Rakuten Mobile Network will operate over the 1.7 GHz frequency band with over 1,825 MHz of spectrum. The company aims to launch service in October 2019. The company plans to raise a maximum of JPY 600 billion to fund the rollout of the network. Of this, Rakuten Inc. (the parent company) plans to provide a maximum of JPY 200 billion – a hedge on its bet.

Rakuten – Japan’s e-commerce giant

Founded in 1999 by Hiroshi Mikitan, Rakuten is Japan’s e-commerce leader – the local equivalent of Amazon or Alibaba – but far from being a me-too follower, the company has consistently innovated and acquired to advance its vision. It now offers online merchandise for consumers and businesses, life insurance, fire insurance, travel insurance, digital content, an advertising network, and a growing list of communications services. Rakuten also operates the country’s biggest Internet bank and third-largest credit card company by transaction value.

Outside of Japan, Rakuten’s  major acquisitions include Buy.com (now Rakuten.com in the US), PriceMinister (France), Ikeda (now Rakuten Brasil), Tradoria (now Rakuten Deutschland), Play.com (now Rakuten.co.uk in the UK), Wuaki.tv (now Rakuten TV in Spain), Kobo Inc. (now Rakuten Kobo in Canada), Viber (now Rakuten Viber), Ebates, Viki (now Rakuten Viki), OverDrive, Inc. (now Rakuten OverDrive), Slice (now Rakuten Slice) and The Grommet.

Until now, Rakuten has experimented with being a mobile virtual network operator, claiming 1.5 million users. Going forward, Rakuten reckons that around JPY 600 billion is enough to build a nationwide network of 4G base stations. The company says it has poached key executives from the other three big mobile operators. It is also known to be seeking advice from network equipment suppliers about how to rollout a nationwide network as quickly and efficiently as possible.

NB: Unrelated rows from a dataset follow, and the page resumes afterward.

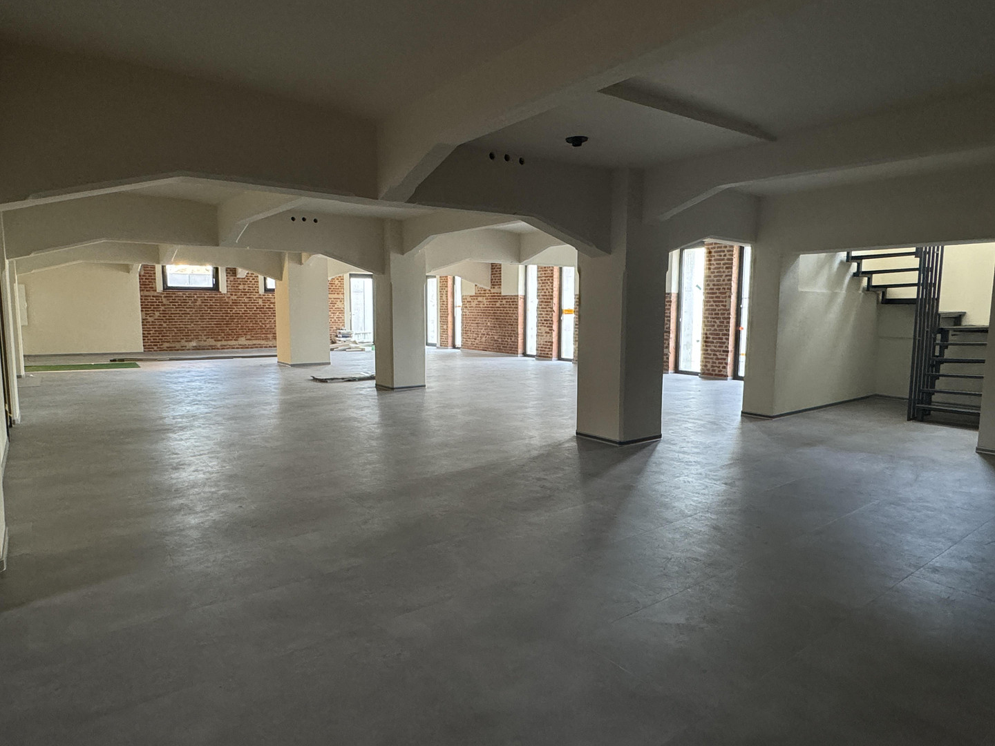 Im Objekt gibt es ein Kellergeschoss und 3 Etagen mit je ca. 250 bis 290 m². Kellergeschoss und Erdgeschoss haben jeweils einen Außenbereich, welcher mit angemietet wird. Aktuell ist nur noch das Obergeschoss anzumieten.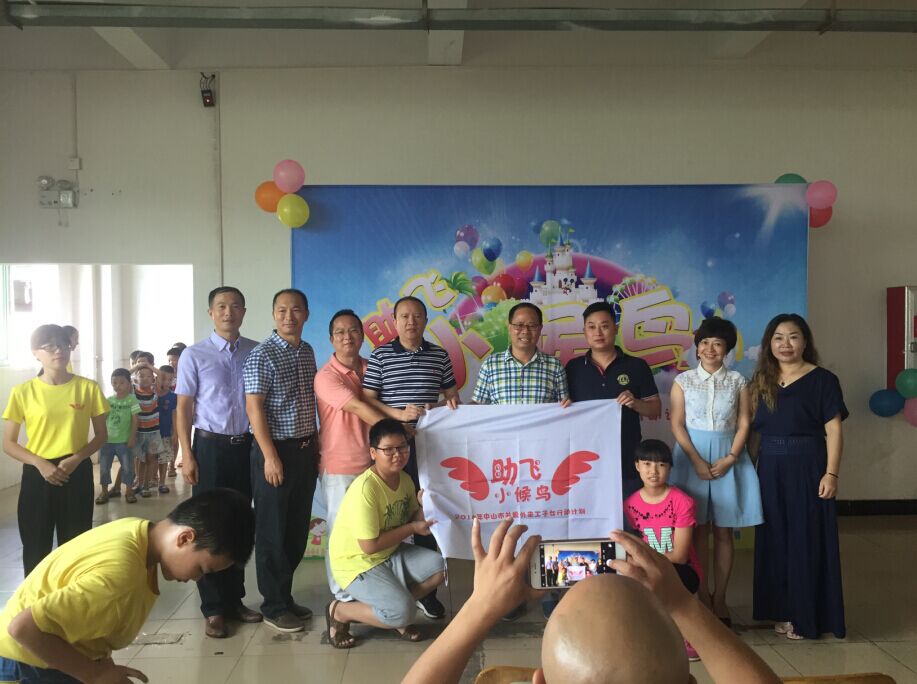 7月17日,“助飞小候鸟”夏令营在南区启航技工学校开营。由中山市江西商会和广东狮子会良都服务队共同合作为外来务工人员子女打造的暑假学习之家,90多位“小候鸟”将在义工、社工以及心理咨询师的辅导下,进行为期一个月的公益夏令营活动,参加小候鸟开班仪式有:魏来金会长,副会长罗云、邹友银、林小虎、冯秀琴。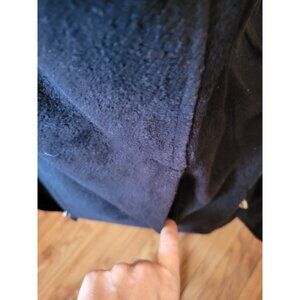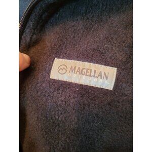 Black fleece jacket by Magellan Outdoors is made from a thick polar fleece to keep you warm through your morning walks. Jacket features a funnel neck, zip front, and interior as well as exterior pockets. Jacket fits close to the body to keep in warmth and is in great shape.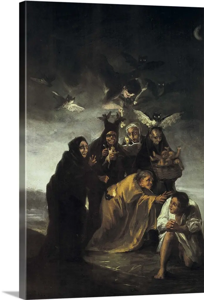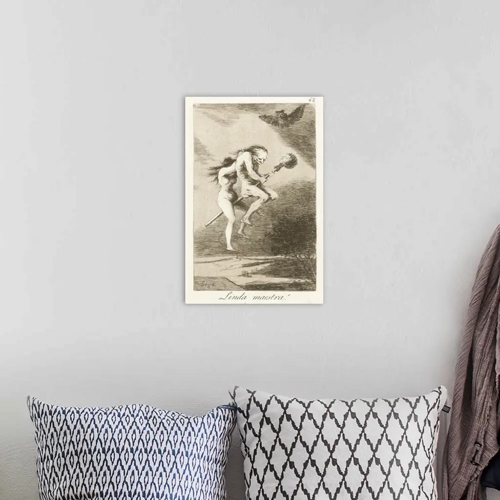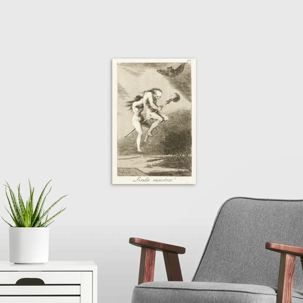 A Good Mistress, by Francisco Goya, 1797-99, Spanish print, drypoint, etching, on paper. Witches, old and a young apprentice, flying on broomstick, above a landscape. This satirical etching targeted ignorance and superstition, was in Goya's 'Los Caprichos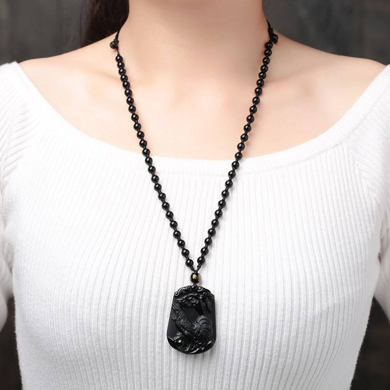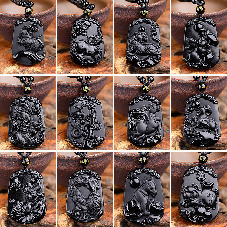 Custom Natural Black Obsidian Engraved Oriental Dragon Relief Lucky Amulet 12 Chinese Zodiac Sign Pendant Necklace for Men Women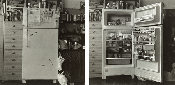 For her ongoing ICE BOX series, Tokuko Ushioda has photographed refrigerators, shut and open, since 1981, starting with her own as seen in this early diptych on offer in ULTIMATE. A deeply personal portrait, Ushioda showcases her refrigerator, the exterior and its contents, as this common household item takes on a life of its own, providing a portal to her family’s domestic landscape.
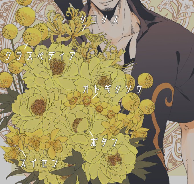 花の名前を~ってことだったので若様のも合わせてどうぞ。今回は特に花言葉とか気にしないで雰囲気で決めたやつでした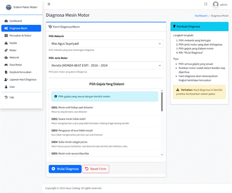 Gambar 2. Tampilan Halaman Diagnosa Mesin pada Aplikasi Sistem Pakar Motor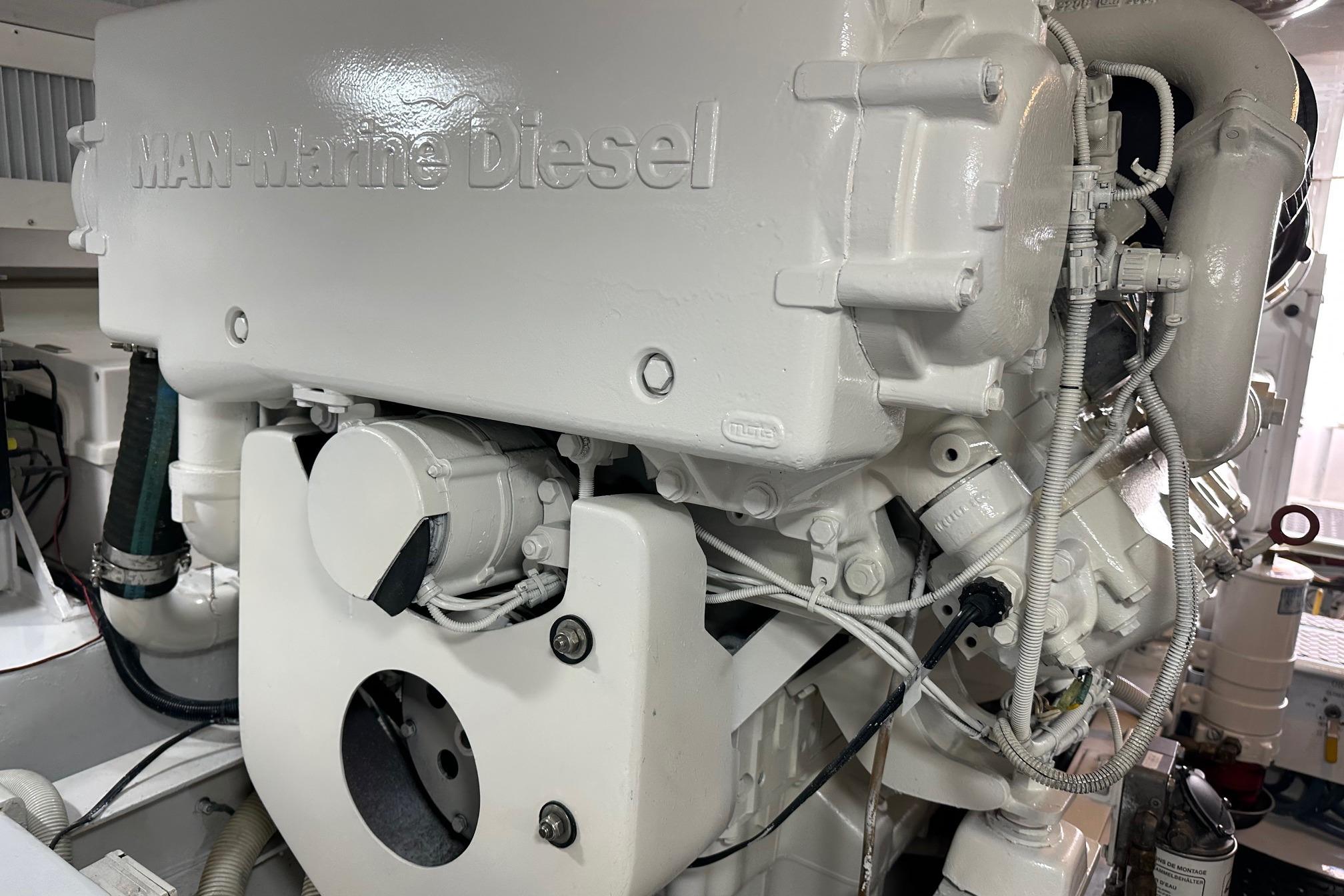 - Twin MAN Common Rail 900hp engines with 2,400 hours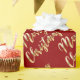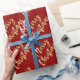 Joyeux Noël dans un script élégant moderne dans un look or métallique sur un arrière - plan rouge élégant.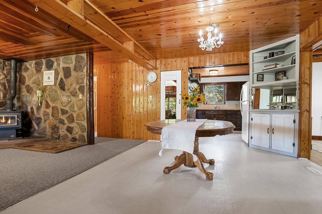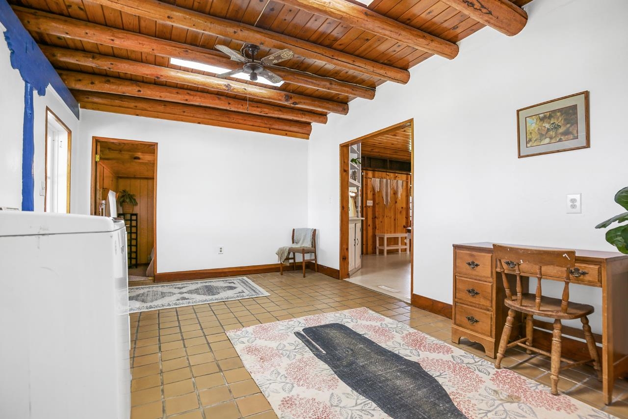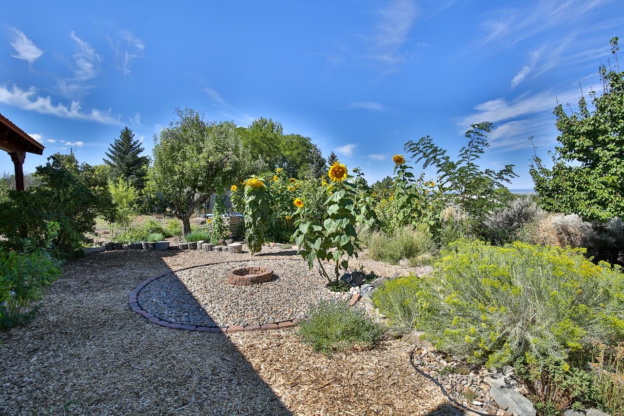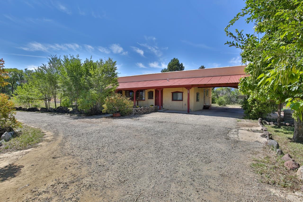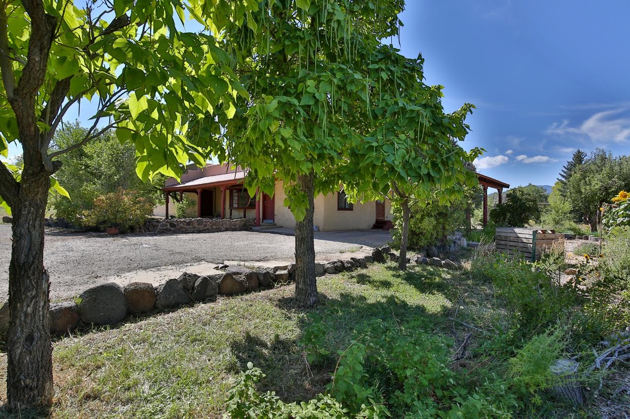 1 Acre of Fun, Function & Fantastic Garage Space! Looking for a place that's got character, comfort, and a whole lot of wow factor? This one-acre property delivers big time. Just minutes from shopping, the hospital, and trails, it's the perfect blend of convenience and elbow room. Step inside and you'll find cozy vibes galore, think charming viga ceilings, warm hand painted doors, and a stone-wrapped fireplace that practically begs for game night or a hot cocoa moment. The kitchen comes with its own walk-in pantry and flows right into a super-sized laundry/utility/craft room, ideal for projects, hobbies, or just staying organized. Garage Goals: If you love cars, toys, or tinkering, you'll be in heaven. The rare oversized garage fits 5+ vehicles, has soaring ceilings, a giant storage closet, and an extra-tall automatic door made for RVs. Bonus points: a heated workshop with a wood stove for year-round projects. Plus, the circular driveway and dual entrances make pulling in and out a breeze. Your Mini Homestead Awaits: Outside, enjoy mature apricot, apple, pinon and ponderosa pine trees, berry bushes, veggie gardens, and even a rock fire ring, perfect for starry nights and story swapping. Add in an RV dump hookup, and you've got the ultimate combo of comfort, convenience, and possibilities. Ask for a list to give you an idea of the variety of plants on the property. This isn't just a home, it's a lifestyle playground waiting for its next adventure-loving owner. For more views: https://youtu.be/vZvjChkUK2k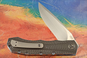 Handle scales are microtextured carbon fiber. The custom heat colored zirconium pivot and collar complement the scales nicely. Jimping on the thumb ramp aids grip. The flipper doubles as a guard that keeps your hand from sliding forward onto the blade. The gently rounded and 3D contoured handle feels sturdy and fills your hand perfectly. It is completed with anodized, fileworked titanium liners that elegantly contrast against the scales and carbon fiber backspacer. The 3D machined titanium pocket clip is mounted for left-side, tip-up carry and features a ceramic ball for excellent pocket retention.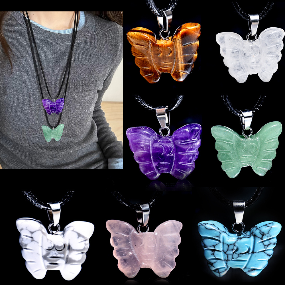 Gemstone Pendants Jewelry Natural Stone Butterfly DIY nickel lead & cadmium free Sold By PC
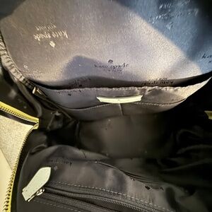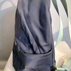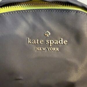 This is a Kate Spade New York Chelsea Medium Nylon Backpack in blazer blue navy with neon yellow and light blue accents.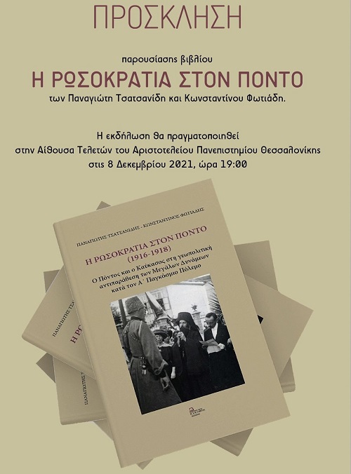Το νέο βιβλίο των Παναγιώτη Τσατσανίδη και Κωνσταντίνου Φωτιάδη, «Η Ρωσοκρατία στον Πόντο», του Εκδοτικού Οίκου Κ. και Μ. Σταμούλη, θα παρουσιαστεί σε ειδική εκδήλωση στην Αίθουσα Τελετών του Αριστοτελείου Πανεπιστημίου Θεσσαλονίκης, την Τετάρτη 8 Δεκεμβρίου 2021, και ώρα 19.00.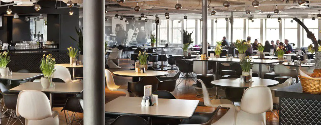 Innen besticht der loft-artige Speisesaal mit authentischem Dekor und perfektem Ausblick auf den Hafen. Wir bekommen einen Tisch am Fenster. Vor allem viele Familien sind da. Dieses Wochenende sind wir ja einmal nur mit unserem Jüngsten verreist und fallen als Kleinfamilie fast auf. Die Niederländer scheinen alle mindestens zwei, aber eigentlich eher mehr Kinder zu haben. Kein Wunder, überall wo man hinkommt, fällt auf, wie kinderfreundlich alle sind. Paul bekommt Stifte und ein die Kinder-Speise-Karte als Tischset zum Ausmalen. Wir genießen die wunderbare Atmosphäre und dann vor allem das leckere Essen. Hier könnten wir ewig sitzen. Oder gleich dableiben? Im Hotel New York kann man übrigens auch sehr stilvoll und nostalgisch übernachten.
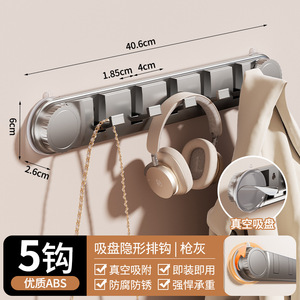 枪灰-隐形挂钩46.5cm6钩【吸盘式】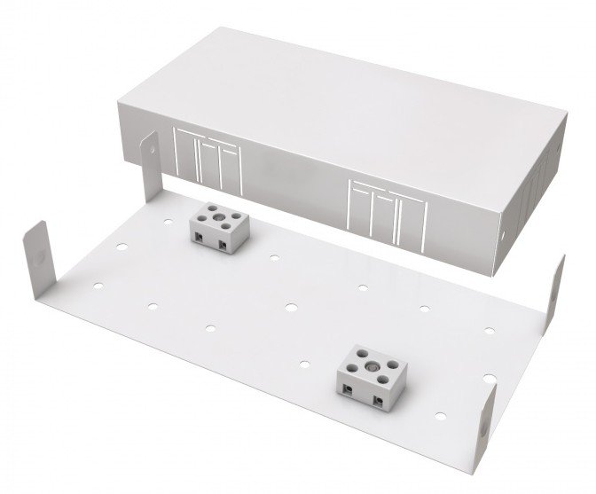 Коробка монтажная огнестойкая металлическая. Коробка монтаж.огнестойкая металлическая, 4 керам.колодки 2х2.5мм², IP31, 150х80х25мм
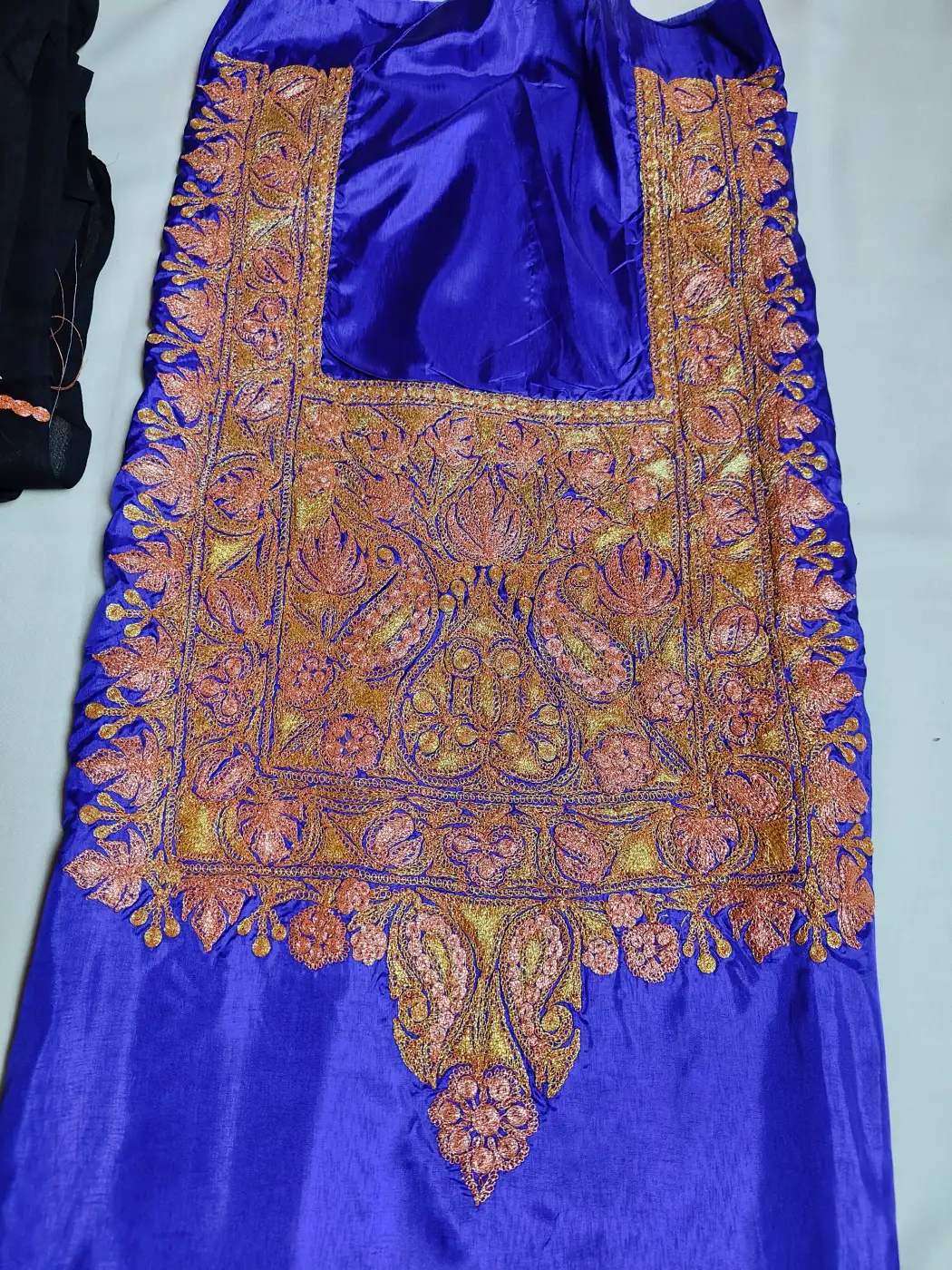 A soft contrast of black and dark blue defines this 3pc Kashmiri unstitched suit set. Botte tilla embroidery in geometrical pattern enhances the neckline, while the dupatta carries fine line work along its borders. This 3pc includes kameez, salwar, and dupatta, left unstitched for your own fit.

A key metric for Rakuten is its global gross transaction value, which is the sum total of everything sold on its platform. For 2017, that figure was up 21%.

Strategic thinking

Given its current size and the deep pull from its consumer base, one might expect that it would be easier and faster for Rakuten to buy out one of the three existing mobile operators compared with the time and trouble of building a whole new 4G network.  Practically speaking, no such option exists in Japan for Rakuten. NTT Docomo obviously is out of reach. KDDI is doing well enough on its own as the main challenger to Docomo, so is unlikely to be interested. And Softbank Japan, with Masayoshi Son at its helm, has big ambitions of its own, making the prospects of a merger or buyout with Rakuten unlikely.

For Rakuten, the value of becoming a mobile operator is not to battle it out with Docomo in hopes of poaching subscribers and earning a thin margin on the sale of monthly 4G data plans. Rakuten’s strategic thoughts must centre on building direct access to its e-shopping consumers.  It might even be willing to accept losses in the first years of operating the forthcoming mobile network, in return for a building a better e-commerce experience for its consumers.

In India, Reliance Jio is another late-comer to the mobile market and it too has been willing to suffer deep losses to build its new nationwide network and to establish its subscriber base. However, in Jio case, there is not a thriving e-commerce business to justify the risk.

There are however other cloud giants who will be watching Rakuten’s entrance into the mobile business. Alibaba might be constrained in doing so in its home market, unless the government wants a fourth competitor. But conceivably Alibaba could try its luck as a mobile operator overseas. The other big player of course is Amazon, who might very well be studying Rakuten’s moves.